Mom worked overtime a lot. Like I remember sometimes just being at home and mom and dad come home so late.
My aparment had this weird child-proof lock thingy that my parents could just lock in from the outside in case no adults was home since they didn’t want their kids to go wandering outside. (firehazard lol, jeez dad wtf)
Not sure how they are as of right now, but in China, for a long time, they’d require you to pay before getting ER treatment
In China, they can go after family members…
Lol I remember my family didn’t have internet until we left China…
I lived in a very slum-looking area of Guangzhou right next to the 白云山 (Baiyun mountain). I asked recently about the internet thing and my dad said they were just starting to install internet like very late, like around 2010 around when we left, my dad said it was expensive… so for us, we never got internet in China
Never got to experience the “golden age of internet” that most of y’all talk about… cuz I didn’t even get an internet at all.
Parents didn’t really use internet until like 2014 and smartphones became ubiquitious and then soon afterwards they installed Wechat. That’s like the only thing they use lol.
There’s a lot of like worker safety stuff that China just doesn’t have, also no independent unions and strike-action was uncommon and almost unheard of until we got to the US and then hear about strikes on the news so often it’s kinda a culture shock.
Food safety was so… meh…
Mom mom used to warn me about the food safety thing all the time, stories about people smuggling in milk formula from Hong Kong because there was so much fake milk in mainland.
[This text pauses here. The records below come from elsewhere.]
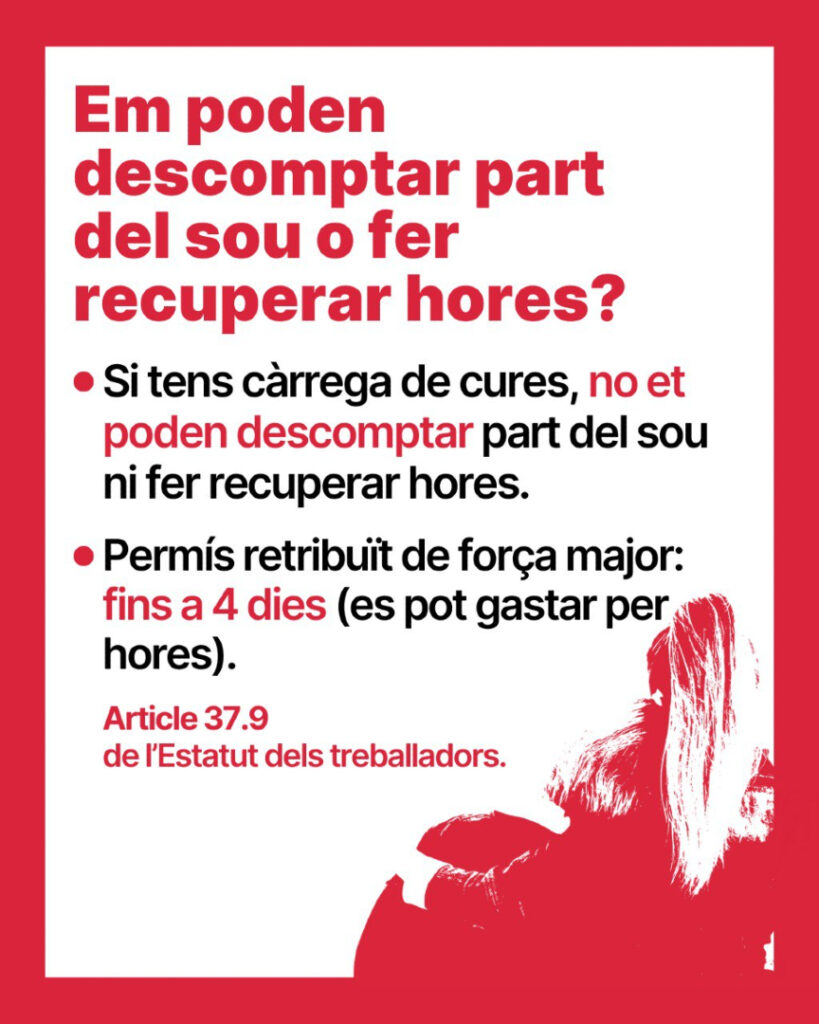 Si la falta a la feina és per motius familiars de força major (quedar-me amb la canalla o amb persones dependents, per manca de serveis escolars o d’atenció a la dependència, o per manca de transport per acompanyar-los allí) tens les hores de permisos retribuïts equivalents a 4 dies i no et poden descomptar salaris ni fer-te recuperar les hores. Art. 37.9 de l’Estatut dels Treballadors.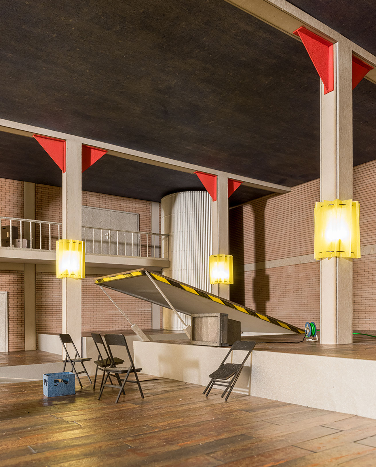 Das Erdgeschoss im Rifugio am Mont Grand widmet sich der Kastanienverarbeitung. So befindet sich unter dem Refugio der Umschlag der neuen Materialseilbahn, die die neue Bewirtschaftung des Kulturlands am Mont Grand sichern soll. Darüber, eingehängt in den ehemaligen Portalmasten, befindet sich das Refugio mit Gemeinschaftsraum, Küche und einfachen Schlafzellen als Rückzugsmöglichkeit.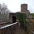 Two engineers currently own the property and have installed scaffolding, indicating potential reconstruction efforts despite the overgrown forest access road.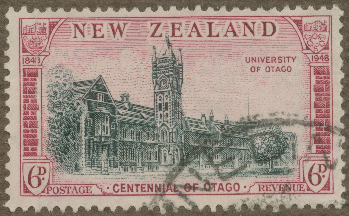 Frimärke från New Zealand, 1947. Motiv av Universitetet i Otago. "100-årsminne av provinsen Otagos grundande 1848".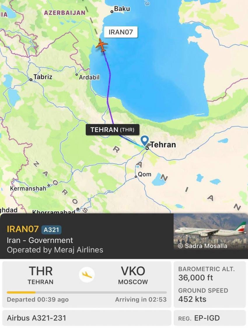 طائرة الرئيس الإيراني تقلع إلى موسكو في رحلة غير معلنة سابقًا طائرة الرئيس الإيراني تقلع إلى موسكو في رحلة غير معلنة سابقًا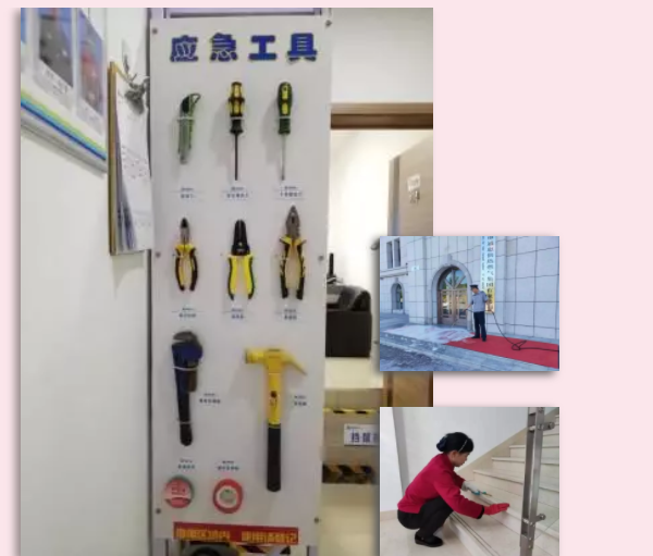 物業(yè)人必須練就眼里有活兒和把活兒干的“漂亮”的本領(lǐng)。辦公樓的石材臺階會被保潔阿姨手中沾著特別調(diào)制藥劑的小刷子,刷的更加明亮光彩。樓門口暗淡無光的地毯會被保安大叔手中的壓力水槍,洗得更加鮮紅欲滴。不論是種樹拔草還是防洪除雪,不論是門、窗、玻璃,還是臺、壁、地板,都要有物業(yè)人不畏酷暑嚴(yán)寒,不畏雨雪寒霜的全情付出。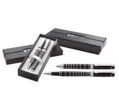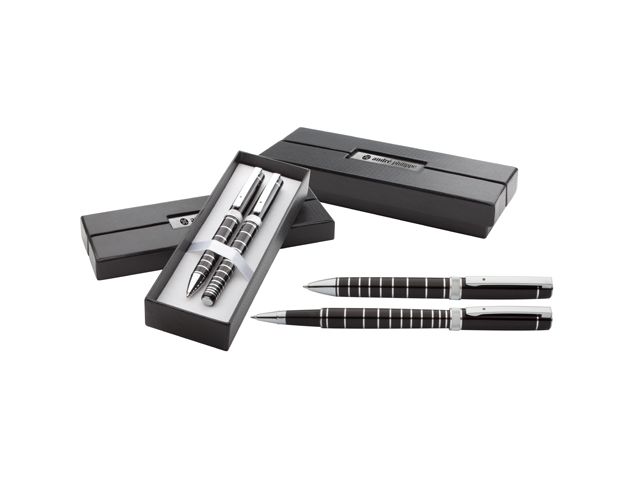 Set pix si roller din aluminiu cu model alcatuit din inele cromate. Varful si clipsul sunt si ele cromate. Mina pixurilor este de culare albastra. Setul se livreaza ambalat intr-o cutie neagra cadou cu logo-ul producatorului Andre Philippe.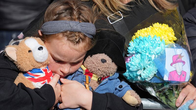 Crowds watch procession for Queen Elizabeth II's coffin in Scotland A young girl holds a Paddington bear and a Corgi dog stuffed toys while waiting to watch the Procession of Queen Elizabeth's coffin from the Palace of Holyroodhouse to St Giles Cathedral on the Royal Mile, on September 12, 2022 in Edinburgh, Scotland. King Charles III joins the procession accompanying Her Majesty The Queen's coffin from the Palace of Holyroodhouse along the Royal Mile to St Giles Cathedral. The King and The Queen Consort, accompanied by other Members of the Royal Family also attend a Service of Prayer and Reflection for the Life of The Queen where it lies in rest for 24 hours before being transferred by air to London. (Photo by Jon Super - WPA Pool/Getty Images) (WPA Pool/Getty Images)
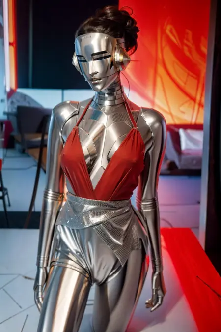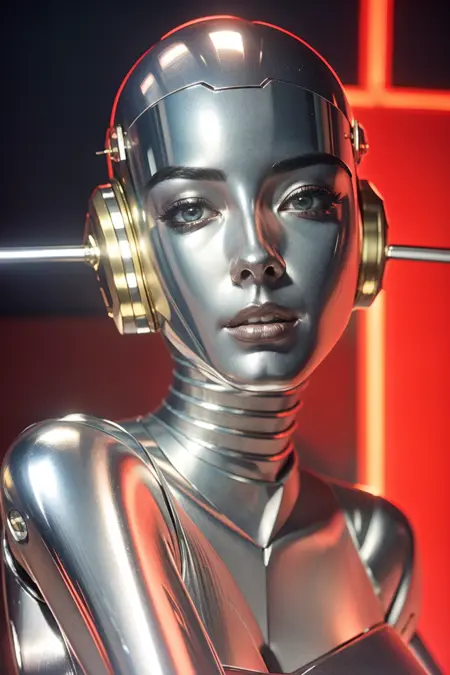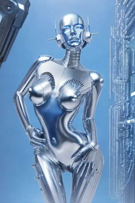 Stylization by illustrator Hajime_Sorayama (with his series of works about chrome robots)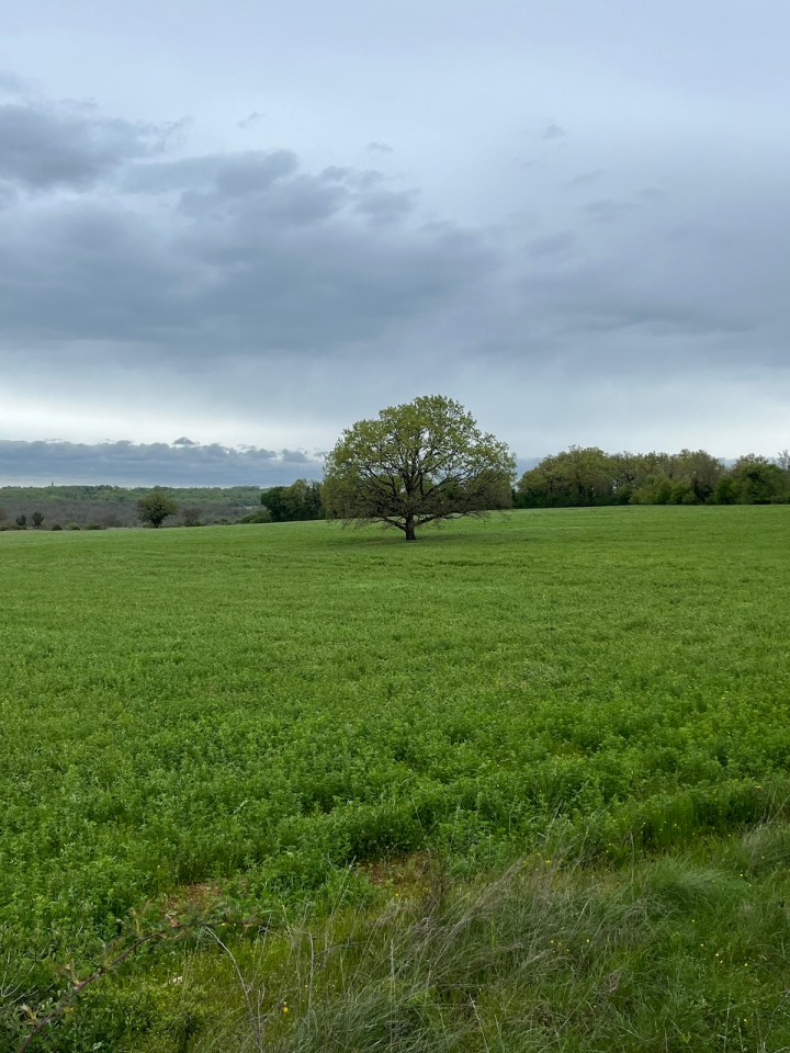Départ de Limognes en Quercy, la pluie menace sérieusement et le vent souffle fort. Ils annoncent des risques d’orage en fin de journée dans la région. Je ne m’éternise pas, en route à 8h15. Je vous laisse apprécier la masse nuageuse au dessus du village quitté peu avant. Ainsi que le front gris qui me fait face. Je vais surveiller du coin de l’œil toute la matinée les premières gouttes …

My mom didn’t trust the milk and she said she just breastfed me. Water needs to be boiled… When I found out that Americans just drank from the tap, that was sort of a culture shock.
So after I found out about that, I often drink from the tap cuz I’m often thirsty and didn’t wanna waste time boiling water, also didn’r like warm water… I mean why not, we’re in the US after all (as long as “Flint, Michigan” doesn’t happen its gonna be fine), my parents still have the habit of boiling water… I feel like they’re just wasting electricity lol…
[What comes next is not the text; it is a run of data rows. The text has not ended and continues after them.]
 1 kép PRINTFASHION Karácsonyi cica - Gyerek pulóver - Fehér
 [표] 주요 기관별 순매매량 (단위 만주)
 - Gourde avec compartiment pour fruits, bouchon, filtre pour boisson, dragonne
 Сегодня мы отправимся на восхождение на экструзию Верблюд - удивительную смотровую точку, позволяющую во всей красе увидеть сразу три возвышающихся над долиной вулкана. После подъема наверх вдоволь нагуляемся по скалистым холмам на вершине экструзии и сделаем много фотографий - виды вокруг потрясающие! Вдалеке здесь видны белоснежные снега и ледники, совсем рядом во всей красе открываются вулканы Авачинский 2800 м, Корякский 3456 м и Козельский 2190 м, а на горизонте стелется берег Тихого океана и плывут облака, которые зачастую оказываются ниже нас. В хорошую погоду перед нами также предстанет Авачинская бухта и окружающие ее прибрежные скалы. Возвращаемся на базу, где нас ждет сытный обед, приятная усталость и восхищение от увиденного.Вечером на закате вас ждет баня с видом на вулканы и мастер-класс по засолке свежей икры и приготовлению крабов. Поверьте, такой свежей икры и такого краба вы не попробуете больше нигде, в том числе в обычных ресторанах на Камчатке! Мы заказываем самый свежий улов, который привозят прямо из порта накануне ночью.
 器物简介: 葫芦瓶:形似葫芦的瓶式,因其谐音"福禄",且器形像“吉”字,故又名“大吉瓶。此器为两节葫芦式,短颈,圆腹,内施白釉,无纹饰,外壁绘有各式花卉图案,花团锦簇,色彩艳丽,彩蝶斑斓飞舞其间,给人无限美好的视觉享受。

The only thing I liked was the subways in Guangzhou had the platform safety doors… I remember when I first arrived in NYC, I often have fears about just falling into the tracks, cuz the lack of doors… but yea that’s like the safety doors only thing I really missed
What’s funny is your experience is similar to mine except my family was Hispanic and living in the USA. I went to work with my mom or dad s lot too, both before and after school, even up to my preteens.
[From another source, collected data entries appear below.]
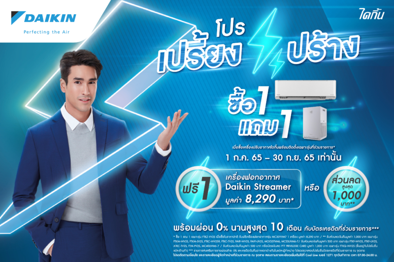 มร. ไดสุเกะ มุราคามิ ผู้จัดการใหญ่ บริษัท สยามไดกิ้นเซลส์ จำกัด เผยว่า “ในช่วงไตรมาส 2 ที่ผ่านมา ไดกิ้น ได้จัดโปรโมชั่นในช่วงหน้าร้อนเพื่อกระตุ้นการจับจ่ายใช้สอยในกลุ่มแอร์ และเครื่องฟอกอากาศซึ่งได้รับผลตอบรับที่ดีเยี่ยมจากผู้บริโภคทั้งในกรุงเทพฯ และต่างจังหวัดเป็นอย่างมาก และเพื่อสร้างความต่อเนื่องในการมอบความคุ้ม พร้อมคืนกำไรให้กับผู้บริโภค ไดกิ้น ได้อัดแคมเปญโปรโมชั่น โปรเปรี้ยงปร้าง ในช่วงหน้าฝนขึ้น ตั้งแต่วันที่ 1 ก.ค. 65 – 30 ก.ย. 65 เมื่อซื้อแอร์ไดกิ้น รับฟรี!เครื่องฟอกอากาศ ไดกิ้น สตรีมเมอร์ หรือรับส่วนลดสูงสุด 1,000 บาท พร้อมรับความคุ้มผ่อนสบาย ๆ 0% นานสูงสุด 10 เดือนกับบัตรเครดิตที่ร่วมรายการ”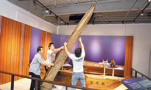 “國史館”接收后,花了近二十萬元修復(fù)。這次展覽,“臺(tái)馬號(hào)”因體積龐大,只能平放船身,無法豎起藤編的船帆。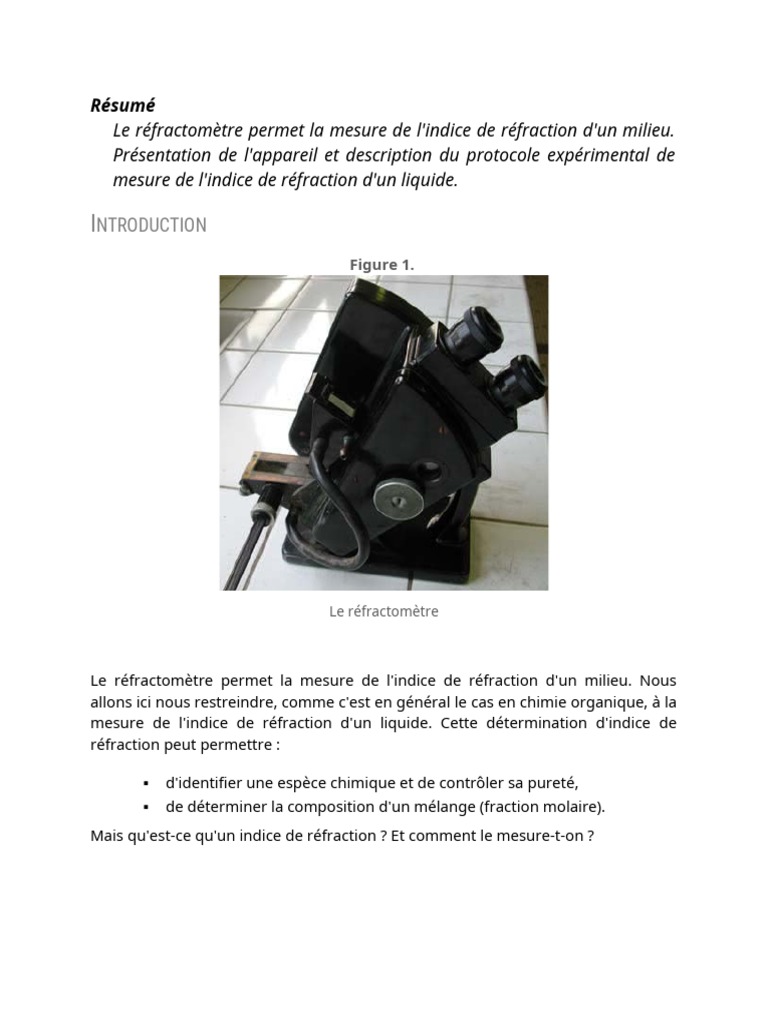 Le réfractomètre permet la mesure de l'indice de réfraction d'un milieu. Nous

We didn’t boil the tap but we didn’t really drink it either - it smelled weird (later testing showed it had some heavy metals and other hazardous chemicals - likely from the nearby refineries) - instead we went to this water well thing where we would out 5 gallon jugs of water (like the one in water coolers) and got water they’re for drinking.
We did get the internet sooner, at least I suppose. But for awhile my experience with the internet were those “free trial” discs the companies gave because internet was (and I hear still is) expensive.